Known examples of negative refraction in metamaterials do not distinguish between positive and negative angles of incidence. A group of scientists led by Cnr Nano have shown that it is possible to break this symmetry using a simple design, and demonstrate it using a mechanical metamaterial working at GHz frequencies. The study, published in Nature Communications, is another step towards the control of GHz mechanical waves and can help the evolution of the modern technologies based on GHz nanomechanics.

 

In recent years it has been possible to overcome the limitations of ordinary materials by means of the so-called metamaterials, which consist of arrangements of small elements, artificially fabricated with special shapes, such that their properties are not found in usual materials. Now Alessandro Pitanti and Simone Zanotto from Cnr Nano in collaboration with Istituto Officina dei Materiali Cnr and the Paul Drude Institute have engineered a new metamaterial showing a not-yet-observed phenomenon, that was given the name of asymmetric negative refraction.

 

When entering specifically structured metamaterials, light beams and waves undergo negative refraction. However, presently known negative refraction systems are symmetric, in that they cannot distinguish between positive and negative angles of incidence. In the new paper, researchers demonstrate that the symmetry of this property can be broken, as illustrated by Simone Zanotto: “When a wave is incident obliquely on the metamaterial, it will cross the interface and proceed bent in the same side from where it arrived. This is called negative refraction. The metamaterial we’ve engineered shows an even more exotic behaviour: it behaves differently depending upon the side from where the wave arrives – be it from the left or from the right”. Waves are hence refracted in negative way when coming from a side and in ordinary way when coming from the other one (see figure 1) .

 

Researchers obtained this strongly unusual phenomenon using an extremely simple material design: an array of L-shape holes arranged in a square lattice and etched in a gallium arsenide layer. The new metamaterial has been realized through advanced nanofabrication techniques by Simone Zanotto starting from materials grown by Giorgio Biasiol at Cnr Iom laboratories.
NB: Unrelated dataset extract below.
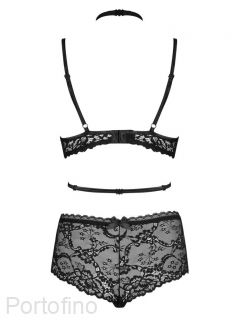 Комплект белья из серии Raquelia из кружева с цветочным орнаментом: бюстгальтер мягкий, на косточках, тонкие бретельки регулируются по длине, на спине застежка. В комплект к бюсту идут высокие кружевные трусики шорты и колье с застежками на шее и спине.

It has then been tested using mechanical waves, whose exotic behavior was predicted by finite-element simulatons run by Alessandro Pitanti. Experimental characterization has been performed in collaboration with Paul-Drude-Institut in Berlin, where the research group of Dr. Paulo Santos has a world-leading expertise in the measurement of high-frequency mechanics of solid-state systems.

 

Even though the manipulation of mechanical waves with metamaterias have already been investigated, most experiment focus on frequencies spanning from Hz to mega Hz range. The team decided to raise the technical level aiming at operation at higher-frequencies with gigahertz (GHz) waves, that are relevant in fields such as the modern 4G and 5G technologies as well as the emerging quantum communication systems. The use of high frequency mechanical resonators as a novel platform for thermomechanical near infrared detectors can be also foreseen. “Our research demonstrated that negative refraction, augmented with the asymmetric character, can be operated also for low-frequency mechanical waves”, specifies Simone Zanotto, “In principle, by a simple rescaling of the metamaterial it could be applied, for instance, even for the deviation of meter-long seismic waves in order to protect buildings”. “Another horizon is that of incorporating quantum emitters/detectors – in that way, our systems could play an important role in the future quantum communications and computation platforms”, Simone Zanotto concludes.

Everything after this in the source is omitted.